Died, Georg Joachim Rheticus, astronomer, mathematician, among the first to adopt and spread the heliocentric theory of Nicolaus Copernicus

Jeremiah Horrocks made the first observed transit of Venus (24 November on the Julian calendar, 4 December on the Gregorian calendar).

While studying at the University of Cambridge, Jeremiah Horrocks (1618 - 3 January 1641) became familiar with the works of Johannes Kepler, Tycho Brahe, and others. Horrocks was convinced that Lansberg's tables were inaccurate when Kepler predicted that a near-miss of a transit of Venus would occur in 1639. Horrocks believed that the transit would indeed occur, having made his own observations of Venus for years.

Horrocks focused the image of the Sun through a simple telescope onto a piece of card, where the image could be safely observed. From his location in Much Hoole, Lancashire, he calculated that the transit was to begin at approximately 3:00 pm on 24 November 1639 (Julian calendar, 4 December on the Gregorian calendar).
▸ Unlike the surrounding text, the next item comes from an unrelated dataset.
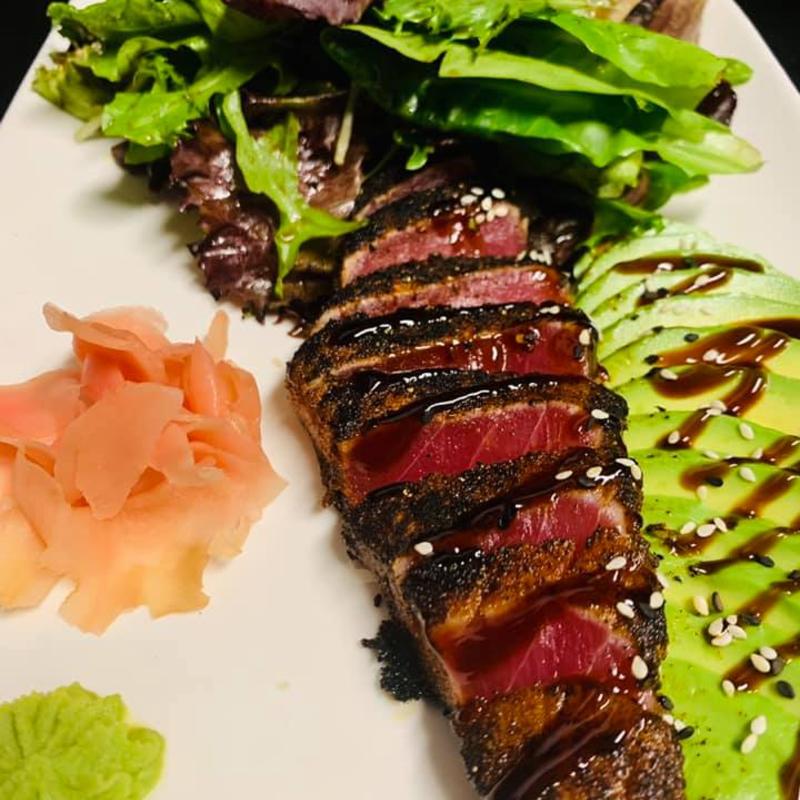 cajun, tsume, greens, soy-balsamic vinaigrette, avocado, ginger, wasabi, wonton

The weather was cloudy, but he first observed the tiny black shadow of Venus crossing the Sun on the card at about 3:15pm, and observed for half an hour until sunset. The 1639 transit was also observed by his friend and correspondent, William Crabtree, from his home in Salford.
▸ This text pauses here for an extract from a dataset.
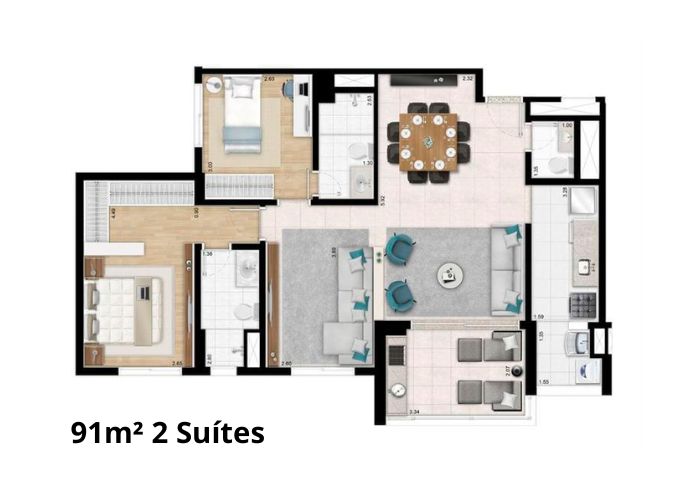2 a 3 Suítes

Died, Luigi Galvani, Italian anatomist, physicist, discovered animal electricity, recognized as the pioneer of bioelectromagnetics

Luigi Galvani (9 September 1737 - 4 December 1798) was an Italian physician and physicist. While dissecting a frog at a table where he had been conducting experiments with static electricity, Galvani touched an exposed sciatic nerve of the frog with his metal scalpel, which had picked up a charge. At that moment, he saw the dead frog's leg kick as if in life. The observation made Galvani the first investigator to appreciate the relationship between electricity and animation (life). He is typically credited with the discovery of biological electricity.

Galvani's name also survives in the Galvanic cell, the galvanometer and "galvanize".
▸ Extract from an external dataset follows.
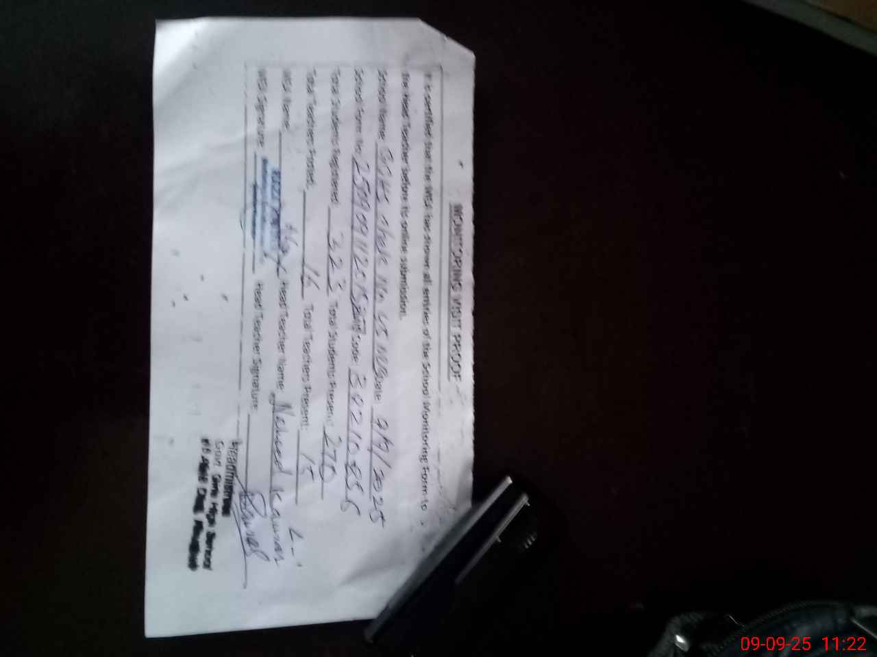 | Attendance Register | Head Teacher | MEA with School | Visit Proof |

Died, Heinrich Gobel, German/US inventor (claimed invention of the first practical light bulb in 1854 which lasted for up to 400 hours)

A Charlois discovered asteroid #451 Patientia.

L Boyer discovered asteroids #1338 Duponta & #1339 Desagneauxa.

Y Vaisala discovered asteroid #1883 Rimito.

Born, Roberta Lynn Bondar (at Sault Ste. Marie, Ontario, Canada), Canadian scientist, astronaut (STS 42)

Roberta Bondar (4 December 1945 - ) is a Canadian astronaut, the first Canadian woman in space. She began her astronaut training in 1984, and in 1990 was designated a prime Payload Specialist for the first International Microgravity Laboratory Mission (IML-1). Dr. Bondar flew on the NASA Space Shuttle Discovery during Mission STS-42, 22-30 January 1992, during which she performed experiments in the Spacelab.

Dr. Bondar left the Canadian Space Agency in 1992 to pursue her research.

H Gessner discovered asteroid #3642 Frieden.

USSR launched Luna 1958C, believed to be an attempt to reach the Moon and impact its surface. A first stage engine of the SL-3/A-1 launcher failed 245 seconds after launch, preventing completion of the mission.

1965 19:30:03 GMT
NASA launched Gemini 7 carrying Frank Borman and Jim Lovell.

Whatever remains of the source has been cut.